Financial and Operational Highlights:
- Earnings Growth: The company reported a 1.4% growth in Adjusted EPRA earnings for the year, totalling €28.9 million (2023: €28.5 million). Adjusted EPRA EPS increased to 5.5 cents (2023: 5.4 cents), showcasing sustained profitability.
- Asset Recycling Success: I-RES continued to benefit from its strategic asset recycling programme, delivering a sales premium significantly ahead of book values. The company completed the sale of 66 units in 2024, contributing to a strong €1.6 million premium from the sale of 21 units individually.

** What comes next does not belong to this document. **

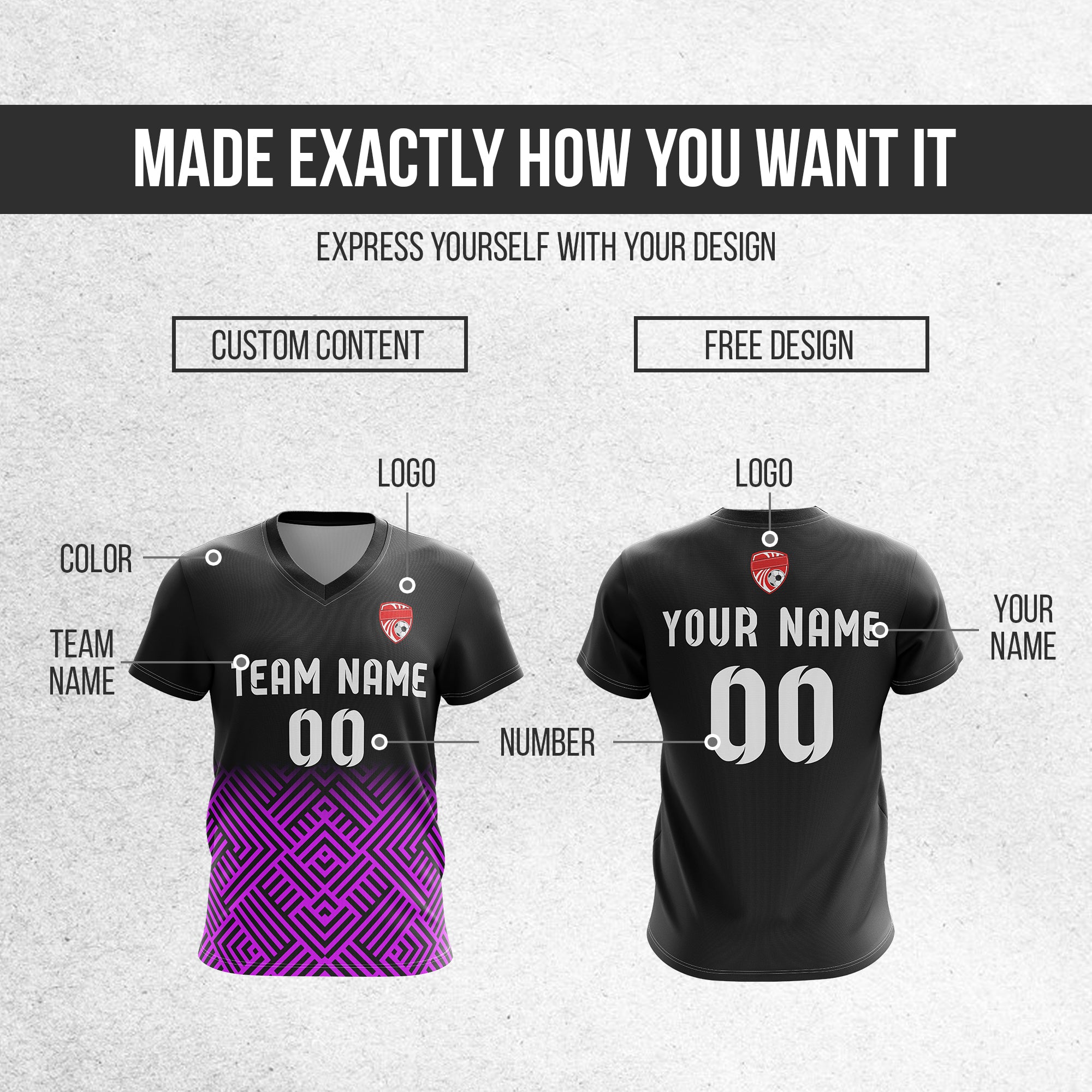 Soccer Jersey - V Neck - Side Pattern- Design 2 -Black

- Portfolio Occupancy: The company maintained near full occupancy with a rate of 99.4%, consistent with the previous year. This reflects strong demand for quality rental properties in Dublin and I-RES' efficient operating platform.
- Revenue Performance: Like-for-like revenue growth stood at 1.7%, driven by organic rental increases and new initiatives across the portfolio. Reported revenue for the year was €85.3 million, a decrease of 2.9% compared to 2023, due to the asset disposals completed in 2024 and 2023.
- Cost Control and Financing: Financing costs decreased by 12.4% to €23.4 million, reflecting the deployment of disposal proceeds to reduce variable debt. The global decline in interest rates also supported reduced financing costs.
- Non-Recurring Costs: The company recorded non-recurring costs of €3.4 million, largely related to shareholder activism and the completion of its Strategic Review.
Despite a non-cash fair value reduction of €33.7 million, which resulted in a loss before tax of €6.7 million, I-RES’ focus on strategic growth, asset disposals, and rigorous cost management ensures its continued ability to adapt and thrive in an evolving market. As of 31 December 2024, the company’s IFRS NAV per share stood at 126.2 cents, down from 131.7 cents in 2023.